What the task asks.
Copy the complete listing word for word, but do not carry over any images.
───── Supplied material ─────
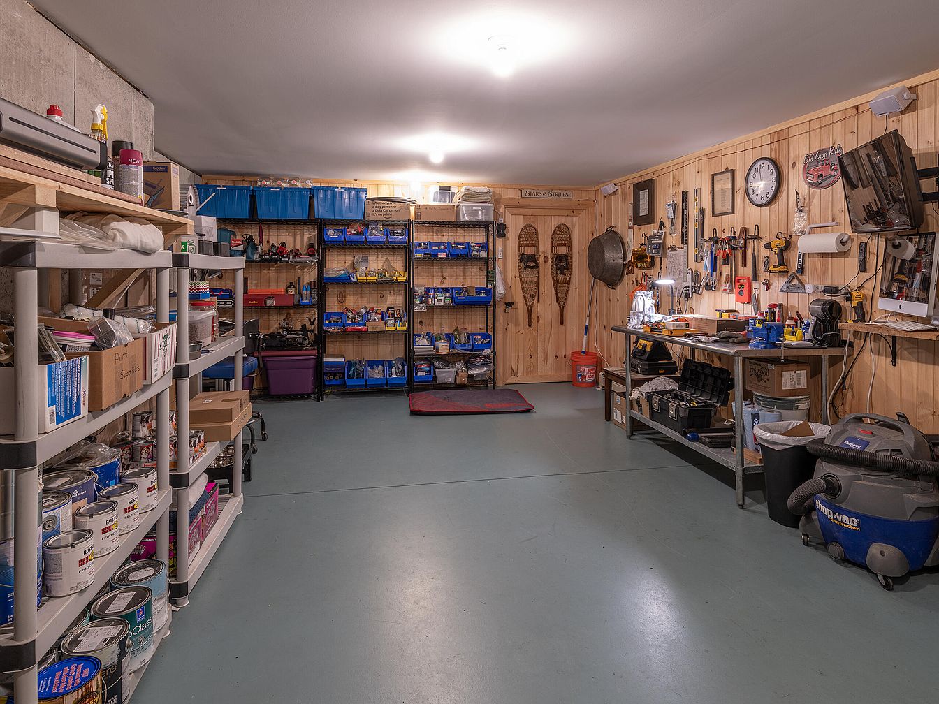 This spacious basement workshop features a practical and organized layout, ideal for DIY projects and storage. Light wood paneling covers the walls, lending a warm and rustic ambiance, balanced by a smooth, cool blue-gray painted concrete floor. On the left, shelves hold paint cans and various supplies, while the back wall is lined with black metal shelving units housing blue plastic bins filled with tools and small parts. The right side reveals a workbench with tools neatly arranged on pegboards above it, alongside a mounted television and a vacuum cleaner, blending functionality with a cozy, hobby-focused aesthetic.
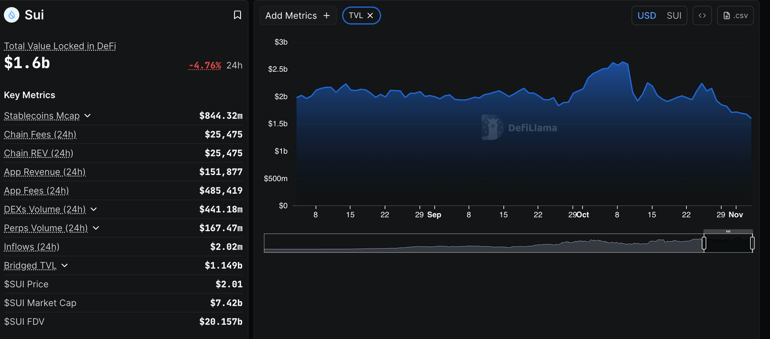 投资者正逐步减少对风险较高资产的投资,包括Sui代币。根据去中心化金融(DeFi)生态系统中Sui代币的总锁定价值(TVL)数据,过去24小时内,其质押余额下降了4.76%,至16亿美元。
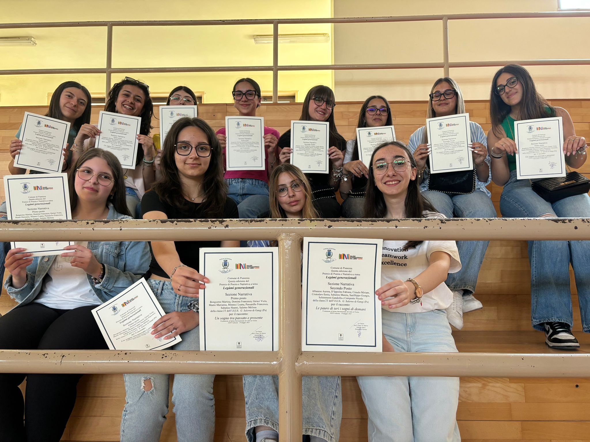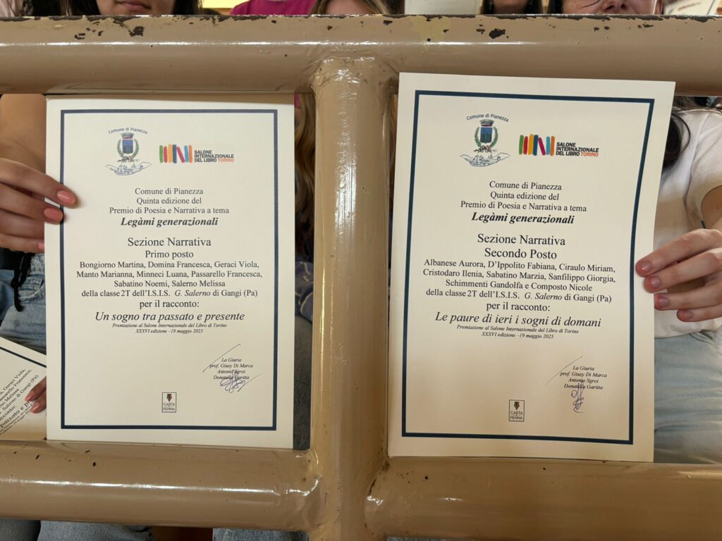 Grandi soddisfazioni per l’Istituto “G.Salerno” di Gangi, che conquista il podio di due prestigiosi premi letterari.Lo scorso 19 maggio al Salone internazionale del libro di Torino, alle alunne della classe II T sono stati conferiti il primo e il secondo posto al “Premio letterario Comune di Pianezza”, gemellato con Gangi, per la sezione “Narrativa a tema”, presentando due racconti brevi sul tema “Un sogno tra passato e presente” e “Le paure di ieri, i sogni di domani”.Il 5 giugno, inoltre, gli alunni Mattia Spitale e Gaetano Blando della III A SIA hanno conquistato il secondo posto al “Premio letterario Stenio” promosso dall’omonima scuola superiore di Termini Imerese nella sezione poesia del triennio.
─────
Answer.
 This spacious basement workshop features a practical and organized layout, ideal for DIY projects and storage. Light wood paneling covers the walls, lending a warm and rustic ambiance, balanced by a smooth, cool blue-gray painted concrete floor. On the left, shelves hold paint cans and various supplies, while the back wall is lined with black metal shelving units housing blue plastic bins filled with tools and small parts. The right side reveals a workbench with tools neatly arranged on pegboards above it, alongside a mounted television and a vacuum cleaner, blending functionality with a cozy, hobby-focused aesthetic.
 投资者正逐步减少对风险较高资产的投资,包括Sui代币。根据去中心化金融(DeFi)生态系统中Sui代币的总锁定价值(TVL)数据,过去24小时内,其质押余额下降了4.76%,至16亿美元。
 Grandi soddisfazioni per l’Istituto “G.Salerno” di Gangi, che conquista il podio di due prestigiosi premi letterari.Lo scorso 19 maggio al Salone internazionale del libro di Torino, alle alunne della classe II T sono stati conferiti il primo e il secondo posto al “Premio letterario Comune di Pianezza”, gemellato con Gangi, per la sezione “Narrativa a tema”, presentando due racconti brevi sul tema “Un sogno tra passato e presente” e “Le paure di ieri, i sogni di domani”.Il 5 giugno, inoltre, gli alunni Mattia Spitale e Gaetano Blando della III A SIA hanno conquistato il secondo posto al “Premio letterario Stenio” promosso dall’omonima scuola superiore di Termini Imerese nella sezione poesia del triennio.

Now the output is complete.